Chapter 15

Moscow — waiting for Godot

‘All that is left of Moscow must be burned...’

‘Oh, I know that from a purely military point of view Moscow
is worthless. But Moscow is not a military position, it is a political position.
You think I am a general, while I am really an Emperor.’

Napoleon’s stay in Moscow has something of the surreal about it. For the last three years he had been the undisputed master of mainland Europe, or so it appeared. He had invaded Russia to swat the last, annoying fly that disturbed his peace - and now, suddenly, he was waiting in Moscow. Waiting for his now-implacable enemy, the Czar, to save his failed gamble for him. He exhibited no initiative, made no plans for the coming winter, gave no orders for clothing, food or forage to be manufactured or collected. He was intellectually bankrupt; clutching at straws.

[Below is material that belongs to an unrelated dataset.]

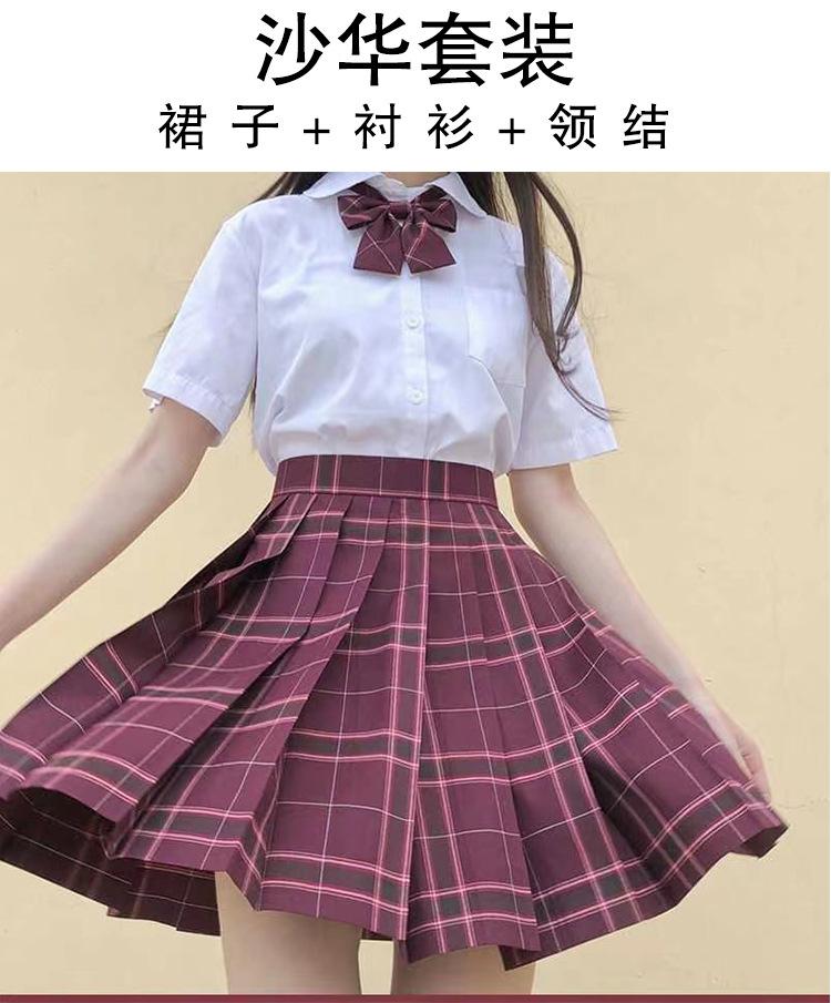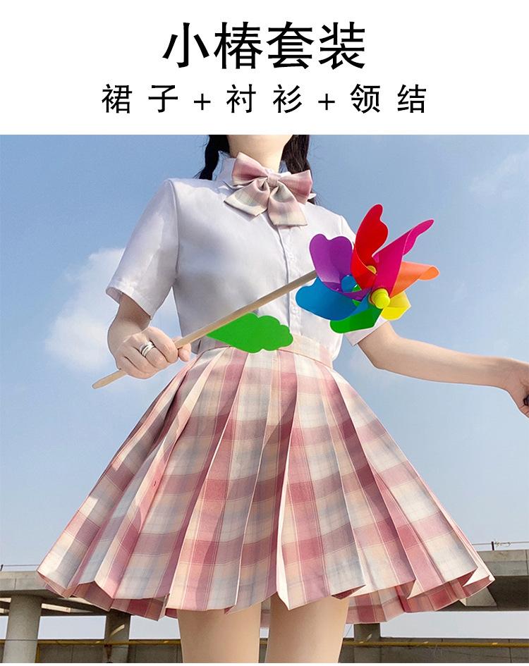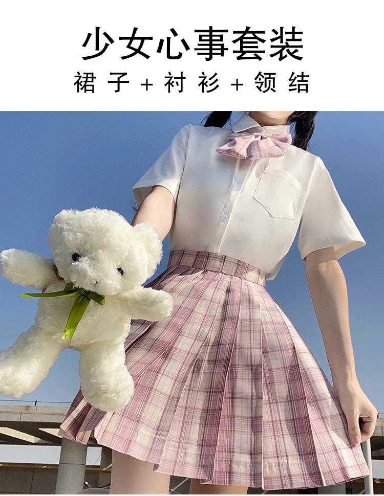 Raspberry black tea (plaid skirt + pure white short sleeve + bow tie)

The rear zone of Napoleon’s army became increasingly insecure as the partisans became ever bolder. The Red Lancers of the Guard were on the road from Moscow south to Kaluga on 25 September, when a patrol of twenty-five men of the regiment was ambushed and killed by the Cossacks near the village of Rakitki on the River Desna.

On 14 September (26 September) Denis Davidov’s guerrilla group ambushed marauding soldiers in the countryside south of Wiasma.

By 10 o’clock we had taken 70 men and two officers, one of whom had his pockets filled with looted seals, penknives and other stuff. It has to be said, however, that this officer was not French, but from Westphalia.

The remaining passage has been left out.